There is this amazing. So my favorite journalist is Fareed Zakaria, you can watch him on CNN on Sundays, and he has a column in the Washington Post that he puts out every week. He talks about this amazing study that was done, that had to do with the economic impact of the workforce in the US and the economy in the US of not having more favorable family leave policy, to fast-forward through the minutiae of it. Should the US have policies more similar to what you see in Europe? It would enable so many more women to be active in the workforce and it would add over 10 years over a trillion dollars to the US economy. So this is both, people that leave the workforce because the cost of daycare is something close to the cost of the amount of money they make after taxes in their job, and so they’re going to stay home and spend time with their kids.
So getting back into the workforce after doing that is unbelievably hard. A number of these people have completed successfully higher education or working in very powerful jobs. These are exactly the kinds of people that companies want to hire. They’re exactly the kinds of people that drive our economy. And so there’s this massive, massive pool of talent that is basically forced to the sidelines because of family leave policy and not having a national policy in the US. And that often is very much at the root of the issue in my mind, because the thing that we talk about VentureOut is the best way to have an impact on a farm ecosystem is to create success stories.

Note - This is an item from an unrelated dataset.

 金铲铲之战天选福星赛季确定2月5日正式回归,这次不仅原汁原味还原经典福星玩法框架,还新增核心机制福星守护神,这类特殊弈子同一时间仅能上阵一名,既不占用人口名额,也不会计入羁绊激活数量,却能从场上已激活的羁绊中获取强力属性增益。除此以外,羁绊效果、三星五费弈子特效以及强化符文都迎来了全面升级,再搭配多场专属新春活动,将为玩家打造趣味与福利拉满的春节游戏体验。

Because if you take those success stories and you showcase them to the community, it’s easier for the next generation to feel like it’s possible for them. There’s no lack of female success stories when it comes to any aspect, any sector, any role. But when you look at the actual statistics of the percentage of boards of Fortune’s 1000 companies, the percentage of CEOs of those companies, the percentage of founders that are female in funded companies at any stage in tech, it is completely misrepresentative of the base population. So while there are a lot of stories because of these policies, there are so many less than there otherwise would be. So that issue is something that starts really there and creates more of an opportunity for the amazing women in our country to be able to stay in their careers.

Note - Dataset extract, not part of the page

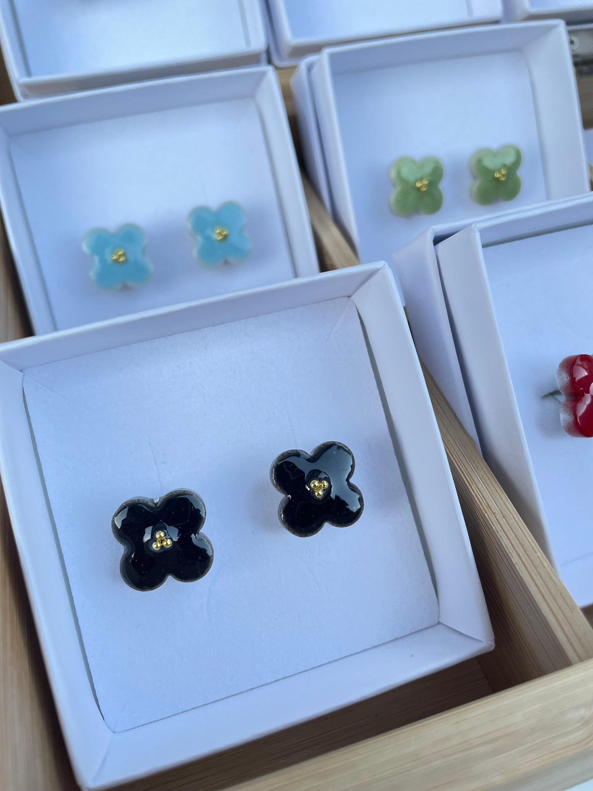 Ceramic flower earrings M Light Black
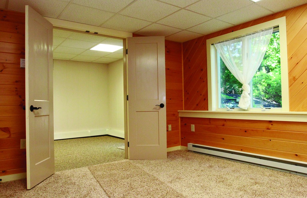 The second bedroom, also with double closet, is on the bright, carpeted, walkout lower level, as are the “mud” room with cubbies; utility/workshop/storage room; and a half-bath.

If that’s something that they would like to choose to do because so many don’t really get that option and get pulled away. So it starts there, there are a lot… New York is lucky. We have a higher percentage of female founders, higher percentage of funded female founders than any other ecosystem in the US. We are two to three X that of San Francisco, but that’s just the nature of our city. New York City has more women than it does men, and it by population if you look at interest from a diversity perspective, one of the most diverse cities in the country.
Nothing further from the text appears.